(Beginning of Records for this task)
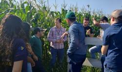 Eles aprenderam a analisar pragas e doenças em culturas de milho e soja e detectaram uma série de lagartas e percevejos na plantação. Durante a aula, o professor também ensinou o passo a passo da instalação correta das culturas. |
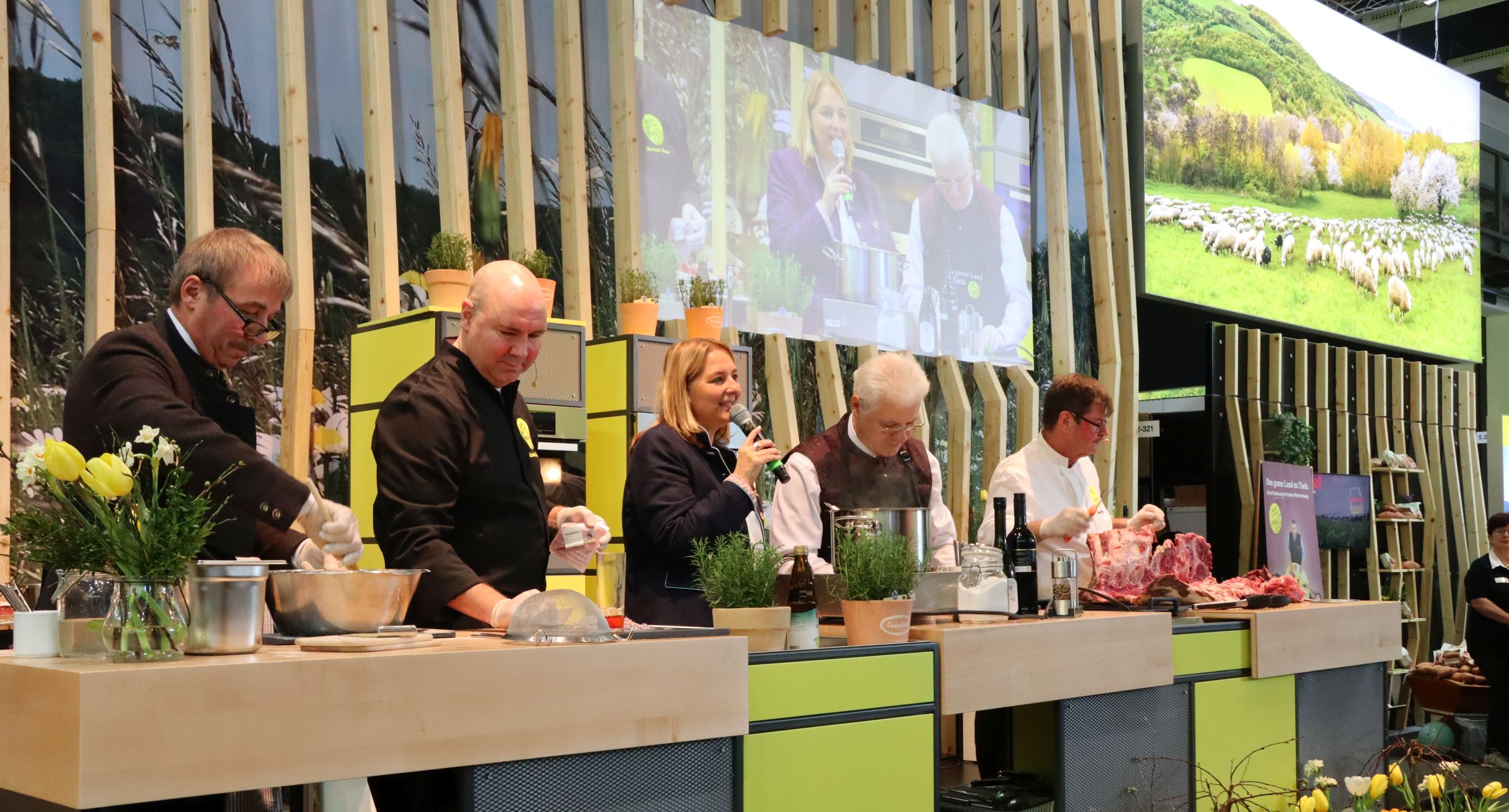 Gemeinsam mit der MBW Marketinggesellschaft Baden-Württemberg, der TMBW Tourismus-Marketing Baden-Württemberg sowie weiteren Ausstellern aus dem ganzen Land präsentierte das MLR kulinarische Highlights aus dem Ländle. Neben den regionalen Klassikern Käsespätzle und Maultaschen mit Kartoffelsalat, Linsen mit Spätzle und Krautschupfnudeln, wurden ebenso exzellente Milchprodukte sowie ausgezeichnete Wurstspezialitäten angeboten. Dazu passend konnten Weine aus den beiden Anbaugebieten Baden und Württemberg sowie regionale Bierspezialitäten verkostet werden. Weitere kulinarische Highlights waren die verschiedenen Obst- und Gemüsesorten vom Bodensee.
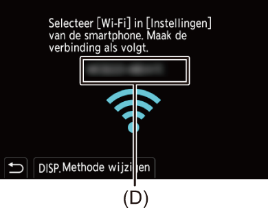 De SSID (D) van de camera wordt op het scherm weergegeven.
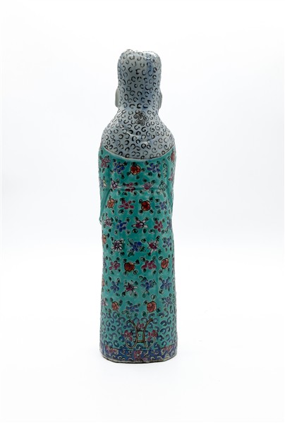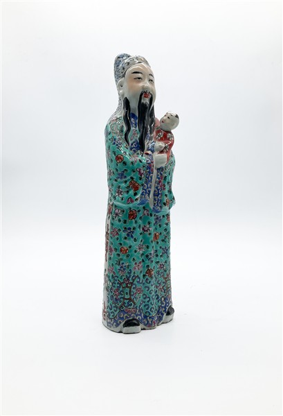 Figura di dignitario cinese con bambino in porcellana dipinta in policromia. C
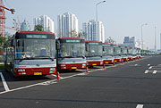 2008年8月8日,第29届奥林匹克运动会将在北京盛大开幕,届时将有上百万人涌进京城,交通问题倍受关注。目前,北京已备齐上万台旅游大巴及城市公交,以应对奥运期间的巨大客流冲击
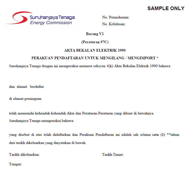 Mendapat Sijil Perakuan Kelulusan dari Suruhanjaya Tenaga
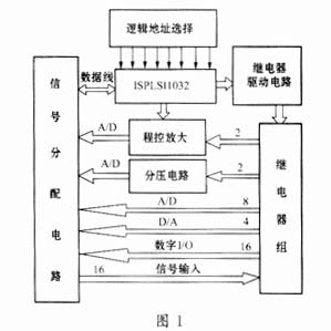 在本电路中,ISPLSI1032主要完成地址译码、数据锁存及读写控制。逻辑地址选择通过8位的拨码开关来完成。图中标明的A/D、D/A、数字I/O信号分别通过信号分配电路与相应的VXI模块相连。图中数据线和地址线使用了工控机的数字I/O。来自导弹的不同组合的被测信号中数字信号、模拟信号以及所需D/A通道数各不相同,继电器实现了A/D、D/A和数字通道的转换。继电器驱动电路采用了MC1413,该芯片集成了继电器所需的所有外围电路。由于部分信号超出了A/D模块所能承受的最大电压(±19V),所以,对图中部分A/D通道进行四分之一分压,并且有部分信号较小,我们把A/D中的部分通道接入程控放大器,通过ISPLSI1032内部构造的寄存器对其放大倍数进行控制。需要放大或衰减的信号分别接入上述通道。
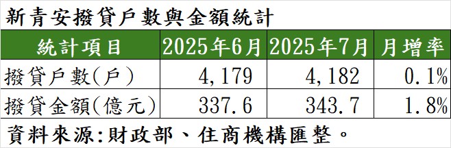 大家房屋企劃研究室公關主任賴志昶則分析,自2023年8月上路以來,新青安已累計核貸近13萬戶、金額逾9,900億元,其中七成以上借款人為40歲以下青壯年族群,過往新青安申貸高峰約落在2024年第二季,當時適逢房市買氣高漲,加諸新青安優惠確實利多頗大,令新青安貸款量體大增,惟之後隨著央行第七波信用管制措施上路,房市趨緩且排撥情況嚴重,新青安申貸量體逐步下滑,直至近期最新數據,7月八大行庫新增新青安撥貸戶數約4,182戶、撥貸金額343.73億元,相較6月成長0.1%、1.8%,顯示漲勢明顯趨緩。
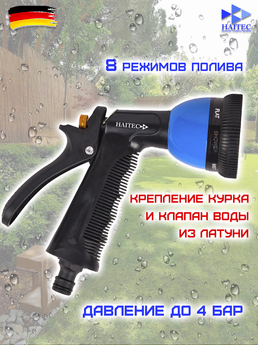 Пистолет-распылитель HAITEC HT-SP24, ABS пластик, латунный клапан, 8 режимов полива 780 ₽
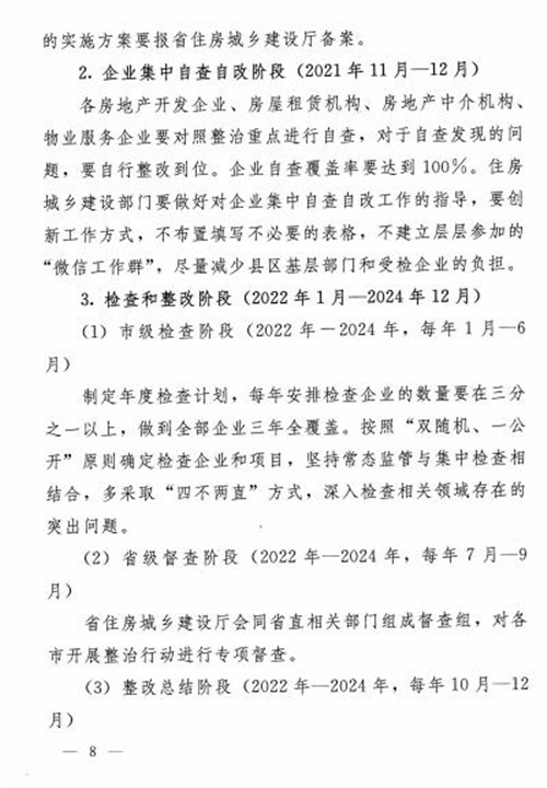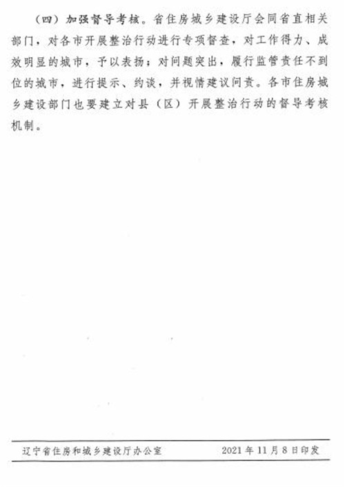 房訊網(wǎng)訊 11月10日,遼寧省住房和城鄉(xiāng)建設(shè)廳會(huì)同多部門聯(lián)合發(fā)布《遼寧省持續(xù)整治規(guī)范房地產(chǎn)市場秩序行動(dòng)方案》,要求各地以問題為導(dǎo)向,重點(diǎn)整治人民群眾反映強(qiáng)烈、社會(huì)關(guān)注度高的突出問題,維護(hù)房地產(chǎn)市場平穩(wěn)健康發(fā)展。集中整治行動(dòng)自2021年11月開始,持續(xù)到2024年12月。
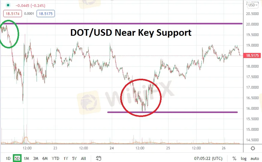 DOT/USD has been able to create a slight reversal higher the last day of trading, but it remains within sight of important support levels which may fuel nervous sentiment.
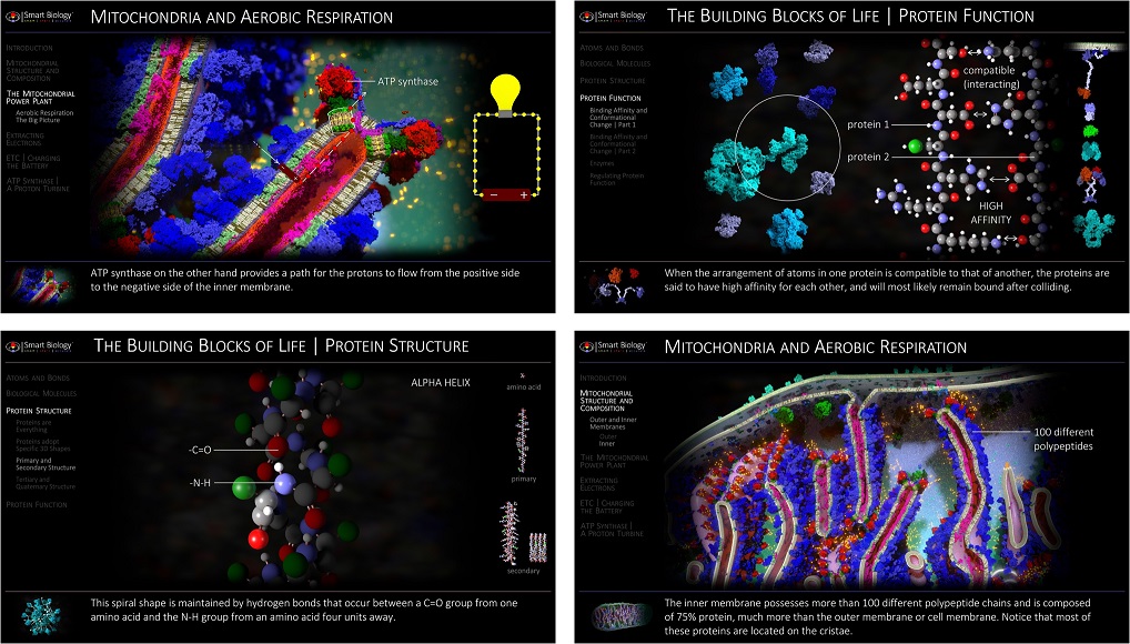 This comprehensive set of animations includes the following modules: 1. Protein Structure. 2. Protein Function. 3. Introduction to Mitochondria and Aerobic Respiration. 4. Mitochondrial Structure and Composition. 5. The Mitochondrial Power Plant. Emphasis is given to the structure/function relationship, protein-protein interactions, and conformational changes. Each topic is extensively covered and all major proteins are discussed in detail. The package includes 17 videos, each ~3-4 minutes in length, as well as an online discussion board. *Please read all important information below BEFORE purchasing!*
(End of Records for this task)
- **What is being asked**
From the data above, return only the lines starting at the line that holds "Figura di dignitario" and ending at the line that holds "大家房屋企劃研究室公關主任賴", word for word and without pictures.

- **Answer for the task**
 Figura di dignitario cinese con bambino in porcellana dipinta in policromia. C
 2008年8月8日,第29届奥林匹克运动会将在北京盛大开幕,届时将有上百万人涌进京城,交通问题倍受关注。目前,北京已备齐上万台旅游大巴及城市公交,以应对奥运期间的巨大客流冲击
 Mendapat Sijil Perakuan Kelulusan dari Suruhanjaya Tenaga
 在本电路中,ISPLSI1032主要完成地址译码、数据锁存及读写控制。逻辑地址选择通过8位的拨码开关来完成。图中标明的A/D、D/A、数字I/O信号分别通过信号分配电路与相应的VXI模块相连。图中数据线和地址线使用了工控机的数字I/O。来自导弹的不同组合的被测信号中数字信号、模拟信号以及所需D/A通道数各不相同,继电器实现了A/D、D/A和数字通道的转换。继电器驱动电路采用了MC1413,该芯片集成了继电器所需的所有外围电路。由于部分信号超出了A/D模块所能承受的最大电压(±19V),所以,对图中部分A/D通道进行四分之一分压,并且有部分信号较小,我们把A/D中的部分通道接入程控放大器,通过ISPLSI1032内部构造的寄存器对其放大倍数进行控制。需要放大或衰减的信号分别接入上述通道。
 大家房屋企劃研究室公關主任賴志昶則分析,自2023年8月上路以來,新青安已累計核貸近13萬戶、金額逾9,900億元,其中七成以上借款人為40歲以下青壯年族群,過往新青安申貸高峰約落在2024年第二季,當時適逢房市買氣高漲,加諸新青安優惠確實利多頗大,令新青安貸款量體大增,惟之後隨著央行第七波信用管制措施上路,房市趨緩且排撥情況嚴重,新青安申貸量體逐步下滑,直至近期最新數據,7月八大行庫新增新青安撥貸戶數約4,182戶、撥貸金額343.73億元,相較6月成長0.1%、1.8%,顯示漲勢明顯趨緩。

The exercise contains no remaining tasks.